しかし、彼がヨゴレ役となっていることにより、SMAPや嵐の好感度が相対的に上がってきたともいえる。なんだかんだいって、今も事務所には貢献しているのだ。

「三匹が斬る!」の件にしても、プラスになっていることはある。まずはこのときの世間の反応から、事務所が拙速なやり方をしなくなったこと。「必殺」シリーズのヒガシのように、配慮や親和性を大事にしながら「禅譲」の機が熟すのを待つという姿勢にはこの経験が生かされているのではないか。

 そしてもうひとつ、ジャニーズの時代劇進出を促進したことだ。
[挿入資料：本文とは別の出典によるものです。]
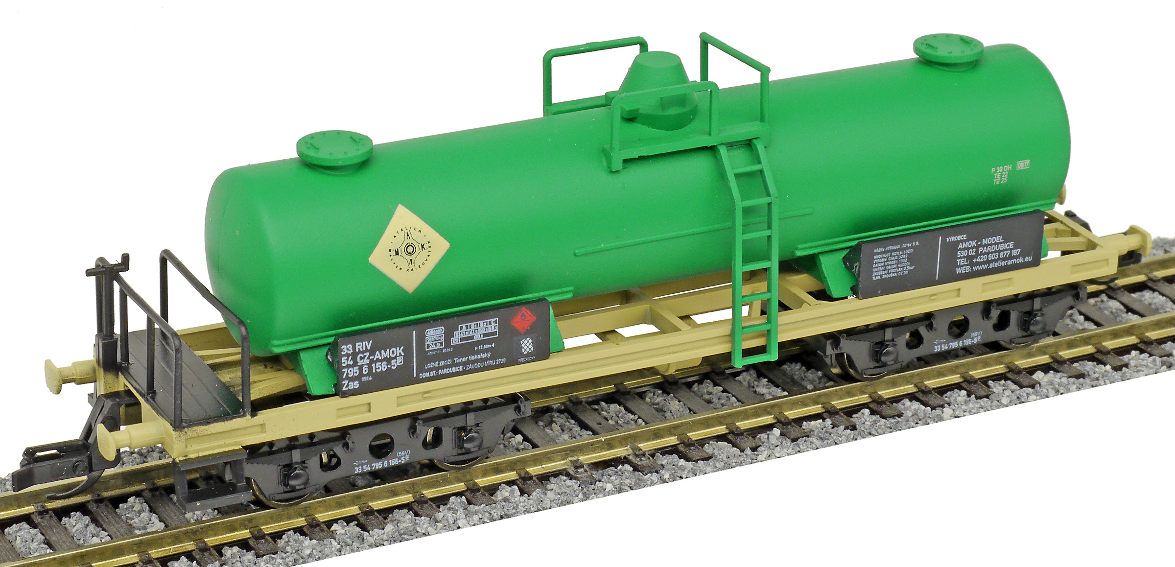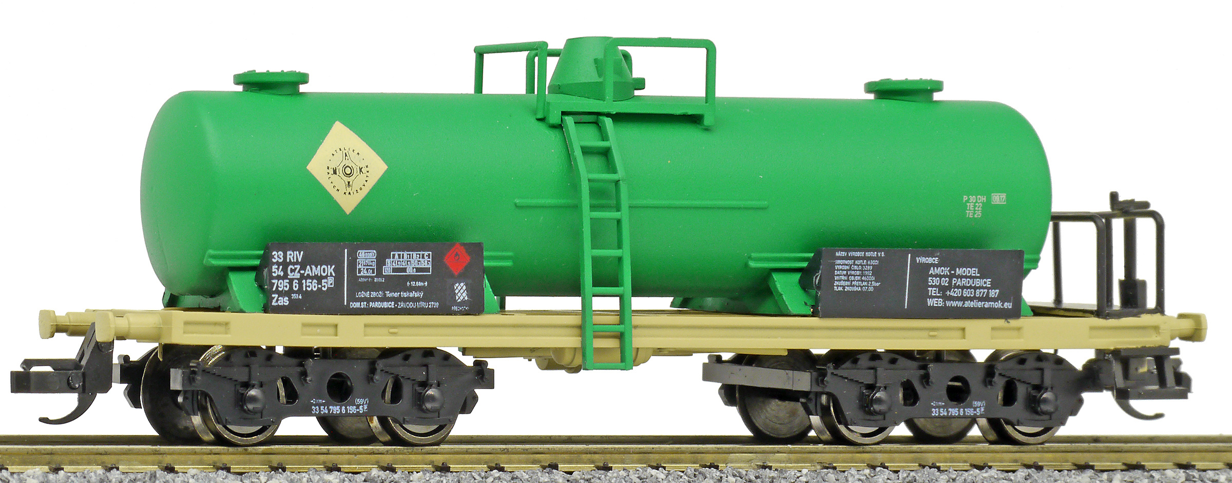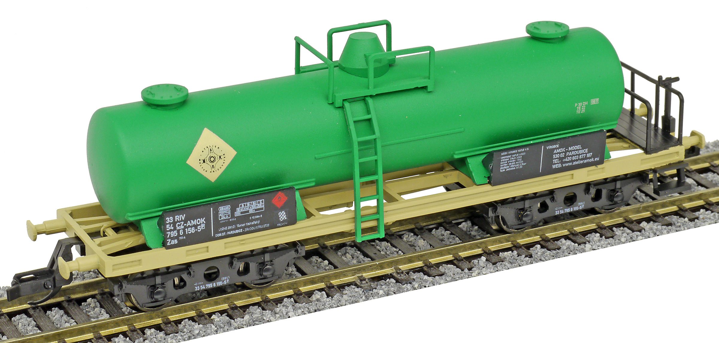 | kotlový vůz zelený s brzdařskou plošinou „AMOK“ |

実は当時、時代劇界ではすでに人材難が始まっていて、見栄えと運動神経のよさを併せ持つジャニーズ勢に期待する機運がひそかに高まっていた。マッチが勇気ある挑戦をしたことで、後輩も次々と続いたし、時代劇側も呼びやすくなったのである。

 その結果、木村拓哉の映画「武士の一分」だったり、滝沢秀明の舞台「滝沢演舞城(のち、滝沢歌舞伎)」だったりという、貴重な収穫も生まれた。また「必殺」シリーズはヒガシ以外に松岡昌宏や大倉忠義、田中聖、知念侑李なども出演するようになり、もはやジャニーズが支えている印象だ。

 とはいえ「禅譲」そのものには時間と手間がかかる。イノッチにしても主役への昇格には11年を要したし、相葉にいたっては16年だ。また、ジャニーズではなくなってしまったが、香取慎吾が「全日本仮装大賞」(日本テレビ系)の司会を萩本欽一とともに務めるようになったのは、今から18年前。いずれ、香取が禅譲されることになるのかもしれない。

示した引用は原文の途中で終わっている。